И все же полной близости не было. Непринужденным отношениям между братьями препятствовала не только разница в возрасте в 19 лет. Николай Павлович знал брата разным. Он помнил, как в ночь убийства отца «Александр рыдал в глубине комнаты»{179}. В детстве чувство ревности и досады вызывали приближенные к Александру I лица, как, например, Аракчеев. По свидетельству князя П. В. Долгорукова, младшие братья — Николай и Михаил, которых Александр I «трактовал весьма свысока, как мальчишек», «терпеть не могли Аракчеева»{180}. Повзрослев, Николай Павлович чувствовал себя ущемленным фактическим отстранением от кормила государства. Даже внешне великий князь Николай Павлович старался не подражать царственному брату. Вот что пишет камер-паж Александры Федоровны П. М. Дараган, вспоминая 1817 год: «В то время император Александр Павлович был в апогее своей славы, величия и красоты. Он был идеалом совершенства.
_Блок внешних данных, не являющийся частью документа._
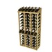 Botellero fabricado con listones de pino teñido en color roble y una capa de baniz para fijar el tinte, expone 12 marcas con 72 botellas, su destino son tiendas o vinotecas que pueden colocarlo pegado a la pared, ó hacer islas en el centro de la tienda juntandolos sobre sus traseras.

Все им гордились, и все в нем нравилось, даже некоторая изысканность его движений, сутуловатость и дергание плеч вперед, мерный твердый шаг, картинное отставление правой ноги, держание шляпы (треуголки не столько носили, сколько держали в руке. —
В изданной вскоре после смерти Николая I рукописи графа де Пасси содержалось утверждение: «Более энергический, чем император Александр, и менее суровый, чем Константин, государь Николай I был рожден для повеления народами»{183}. Чрезвычайно важно и другое свидетельство современника — литератора Н. И. Греча: «Соперничества Константина Павловича император Александр не боялся, цесаревич не был ни любим, ни уважаем и давно уже говорил, что царствовать не хочет и не может. Александр боялся превосходства Николая и заставлял его играть жалкую и смешную роль бригадного и дивизионного командира, начальника инженерной частью, не важной в России. Вообразите себе, каков бы был Николай со своим благородным, твердым характером, с трудолюбием и любовью к изящному, если бы его готовили к трону хотя бы так, как приготовляли Александра»{184}.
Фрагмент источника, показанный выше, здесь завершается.